Modified classification of microscopic evaluation of vulvovaginal infections

Authors: J. Mašata 1;  M. Poislová 2;  A. Jedličková 2;  D. Mašátová 2;  A. Martan 1
Authors‘ workplace: Gynekologicko-porodnická klinika VFN a 1. LF UK, Praha, přednosta prof. MUDr. A. Martan, DrSc. 1;  ÚKBLD, Klinická mikrobiologie a antibiotické centrum VFN a 1. LF. UK, Praha, přednosta prof. MUDR. T. Zima, DrSc. 2
Published in: Ceska Gynekol 2010; 75(3): 199-208


The objective of the study is to examine the role of microscopy using stained smears for diagnosis of vulvovavaginal infections.

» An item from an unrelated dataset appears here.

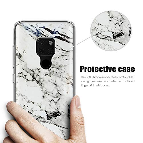 CLM-Tech Cover Compatibile con Huawei Mate 20, 3X Custodia in Silicone TPU, Case 3in1 Set, Marmo Bianco Nero Multicolore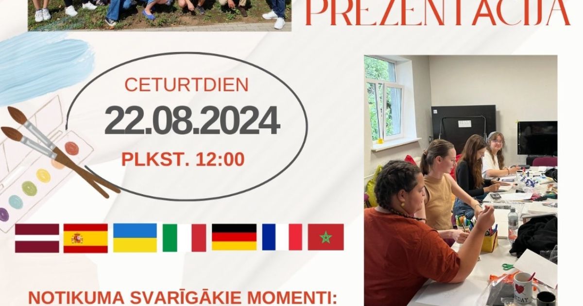 Šo ceturtdien 22. augustā Dienas centrs "Kopā būt" Eiropas jaunieši iepazīstinās ar to, kā pavadījuši laiku Latvijā, ko uzzinājuši, kā arī prezentēs, kādus labiekārtošanas darbus veikuši dienas centrā.

Description of different scoring systems.

Department of Gynecology and Obstetrics, First Medical Faculty, Charles University; General Teaching Hospital, Prague; Institute of Clinical Chemistry and Laboratory Medicine; Clinical Microbiology and Antibiotic Center, First Medical Faculty, Charles University.

Material and methods:
Presentation of our practical skills in microscopic diagnoses of vulvovaginal infections.

Vulvovaginal infections are a common problem which we encounter in daily gynaecological practice. Microscopic examination represents the gold standard in the diagnosis of vulvovaginal infections. However, providing microscopy in an outpatient setting is very time-consuming. The vaginal smear can be sent to a laboratory to stain and to be microscopically examined under oil immersion. For this purpose we recommend taking two smears for Gram and Giemsa stain and combining microscopical examination with cultures for detecting the presence of Candida species and for Trichomonas vaginalis. Where appropriate, it is also necessary to obtain cervical smears for detection of C. trachomatis and N. gonnorhoeae infection.

Key words:
vulvovaginal infections, Gram stain, Giemsa stain, bacterial vaginosis, aerobic vaginitis, candida vulvovaginitis, trichomonas vaginalis infection, lactobacillosis.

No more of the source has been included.